New Crypto Tax Duty Demands Vigilance from US Citizens
United States citizens holding cryptocurrency face a new obligation that demands awareness to avoid potential serious consequences.
“The amendments made by this section shall apply to returns required to be filed, and statements required to be furnished, after December 31, 2023,” the filing noted.
US Citizens Must Fulfill Crypto Tax Obligations
Jerry Brito, the executive director of Coin Center, recently reported that US citizens holding more than $10,000 USD equivalent in crypto must understand and fulfill their tax reporting obligations.
“If you receive $10k or more in crypto you now have an obligation to report the transaction (including names, addresses, SS numbers, etc.) to the IRS within 15 days under threat of a felony charge.”

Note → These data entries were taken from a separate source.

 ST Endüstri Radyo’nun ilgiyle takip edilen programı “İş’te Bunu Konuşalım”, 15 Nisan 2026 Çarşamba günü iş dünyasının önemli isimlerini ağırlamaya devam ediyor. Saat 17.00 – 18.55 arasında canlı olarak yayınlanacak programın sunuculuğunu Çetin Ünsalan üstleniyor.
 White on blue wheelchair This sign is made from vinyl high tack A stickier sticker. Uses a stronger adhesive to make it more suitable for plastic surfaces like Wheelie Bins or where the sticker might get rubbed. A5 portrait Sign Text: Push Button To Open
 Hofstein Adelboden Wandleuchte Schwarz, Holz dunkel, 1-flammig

Read more: How to Reduce Your Crypto Tax Liability: A Comprehensive Guide
Ongoing Crypto Tax Measures Target US Citizens in Latest Taxation Developments
This comes after BeInCrypto recently reported on new crypto tax rules coming into effect that will effect companies holding crypto.
The Financial Accounting Standards Board (FASB) introduced new rules requiring companies to measure their crypto assets at fair value.

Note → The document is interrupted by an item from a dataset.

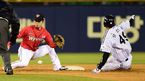 [OSEN=잠실, 민경훈 기자] 1일 오후 잠실구장서 열린 '2014 한국야쿠르트 세븐 프로야구' LG 트윈스와 SK 와이번스의 홈 개막전, 6회말 무사 주자 1루 LG 김용의 타석에서 1루 주자 문선재가 2루 도루를 시도, 포수 실책으로 볼이 빠지

This measurement technique, capturing the most up-to-date value of digital currencies like Bitcoin and Ethereum, aims to provide a more accurate reflection of their worth. The rules, effective from 2025, allow companies the option of earlier adoption.
Meanwhile, in April 2023, BeInCrypto reported that nearly all crypto investors avoided paying tax in 2022.
According to research firm Divly, hardly anyone declared their crypto trading or investing activities to tax authorities last year.
“We estimate that globally just 0.53% of cryptocurrency investors declared their cryptocurrency activity to their local tax authorities in 2022.”